ACTIVITY » Each line below is to be repeated exactly; any picture is to be left out.

[DATASET SECTION Boundary: Start]

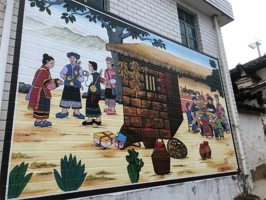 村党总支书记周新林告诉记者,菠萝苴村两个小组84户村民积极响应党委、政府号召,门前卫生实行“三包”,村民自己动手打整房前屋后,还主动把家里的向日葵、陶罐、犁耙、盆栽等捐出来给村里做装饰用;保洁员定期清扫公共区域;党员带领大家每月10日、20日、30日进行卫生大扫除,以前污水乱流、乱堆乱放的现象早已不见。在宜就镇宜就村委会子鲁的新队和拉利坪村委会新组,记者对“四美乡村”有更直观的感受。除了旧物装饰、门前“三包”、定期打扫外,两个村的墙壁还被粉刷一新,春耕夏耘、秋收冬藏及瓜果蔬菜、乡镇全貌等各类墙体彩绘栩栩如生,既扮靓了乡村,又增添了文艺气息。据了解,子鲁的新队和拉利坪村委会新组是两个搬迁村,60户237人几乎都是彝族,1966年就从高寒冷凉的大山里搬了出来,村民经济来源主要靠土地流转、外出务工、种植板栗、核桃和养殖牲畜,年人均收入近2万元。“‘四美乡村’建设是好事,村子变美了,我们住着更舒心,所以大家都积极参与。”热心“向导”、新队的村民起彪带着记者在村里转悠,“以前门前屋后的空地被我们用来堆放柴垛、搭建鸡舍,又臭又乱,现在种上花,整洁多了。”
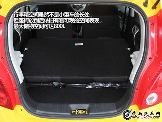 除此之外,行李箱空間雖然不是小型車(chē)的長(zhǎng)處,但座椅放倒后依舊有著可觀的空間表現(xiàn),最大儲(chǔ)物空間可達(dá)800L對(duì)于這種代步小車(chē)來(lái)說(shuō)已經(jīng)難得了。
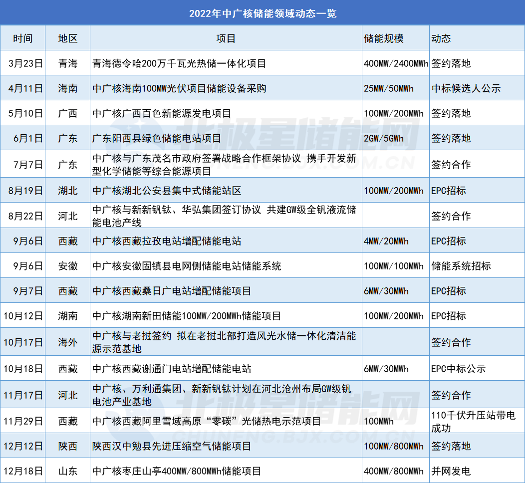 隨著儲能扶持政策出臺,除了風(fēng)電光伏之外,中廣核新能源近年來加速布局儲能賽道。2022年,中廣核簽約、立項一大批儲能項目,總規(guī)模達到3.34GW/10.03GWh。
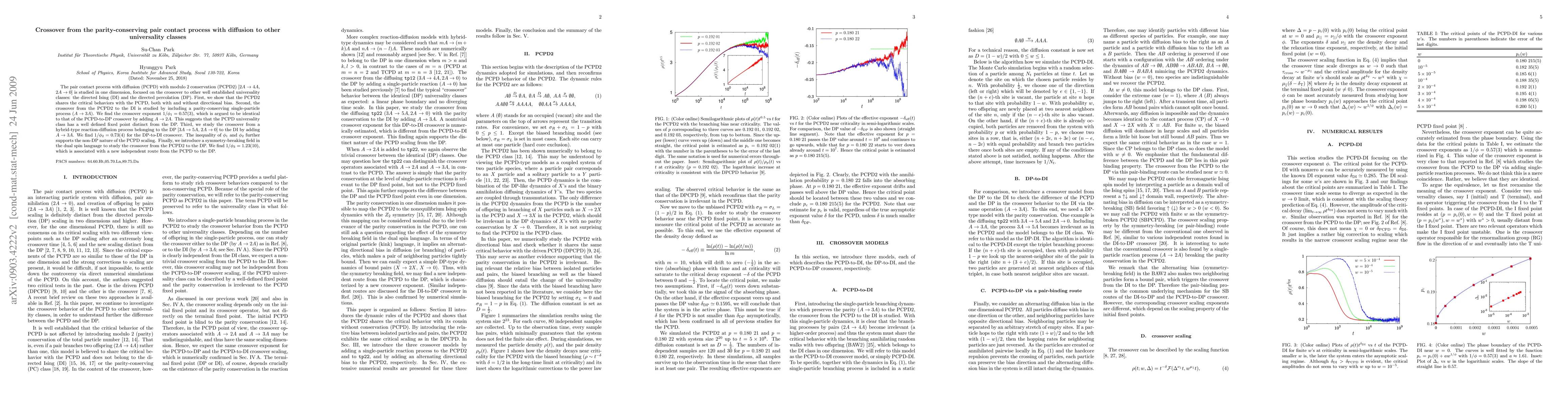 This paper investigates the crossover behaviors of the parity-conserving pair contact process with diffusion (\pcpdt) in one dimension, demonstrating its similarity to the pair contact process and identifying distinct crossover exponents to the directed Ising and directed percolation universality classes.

[DATASET SECTION Boundary: End]

TASK OUTPUT »
 村党总支书记周新林告诉记者,菠萝苴村两个小组84户村民积极响应党委、政府号召,门前卫生实行“三包”,村民自己动手打整房前屋后,还主动把家里的向日葵、陶罐、犁耙、盆栽等捐出来给村里做装饰用;保洁员定期清扫公共区域;党员带领大家每月10日、20日、30日进行卫生大扫除,以前污水乱流、乱堆乱放的现象早已不见。在宜就镇宜就村委会子鲁的新队和拉利坪村委会新组,记者对“四美乡村”有更直观的感受。除了旧物装饰、门前“三包”、定期打扫外,两个村的墙壁还被粉刷一新,春耕夏耘、秋收冬藏及瓜果蔬菜、乡镇全貌等各类墙体彩绘栩栩如生,既扮靓了乡村,又增添了文艺气息。据了解,子鲁的新队和拉利坪村委会新组是两个搬迁村,60户237人几乎都是彝族,1966年就从高寒冷凉的大山里搬了出来,村民经济来源主要靠土地流转、外出务工、种植板栗、核桃和养殖牲畜,年人均收入近2万元。“‘四美乡村’建设是好事,村子变美了,我们住着更舒心,所以大家都积极参与。”热心“向导”、新队的村民起彪带着记者在村里转悠,“以前门前屋后的空地被我们用来堆放柴垛、搭建鸡舍,又臭又乱,现在种上花,整洁多了。”
 除此之外,行李箱空間雖然不是小型車(chē)的長(zhǎng)處,但座椅放倒后依舊有著可觀的空間表現(xiàn),最大儲(chǔ)物空間可達(dá)800L對(duì)于這種代步小車(chē)來(lái)說(shuō)已經(jīng)難得了。
 隨著儲能扶持政策出臺,除了風(fēng)電光伏之外,中廣核新能源近年來加速布局儲能賽道。2022年,中廣核簽約、立項一大批儲能項目,總規(guī)模達到3.34GW/10.03GWh。
 This paper investigates the crossover behaviors of the parity-conserving pair contact process with diffusion (\pcpdt) in one dimension, demonstrating its similarity to the pair contact process and identifying distinct crossover exponents to the directed Ising and directed percolation universality classes.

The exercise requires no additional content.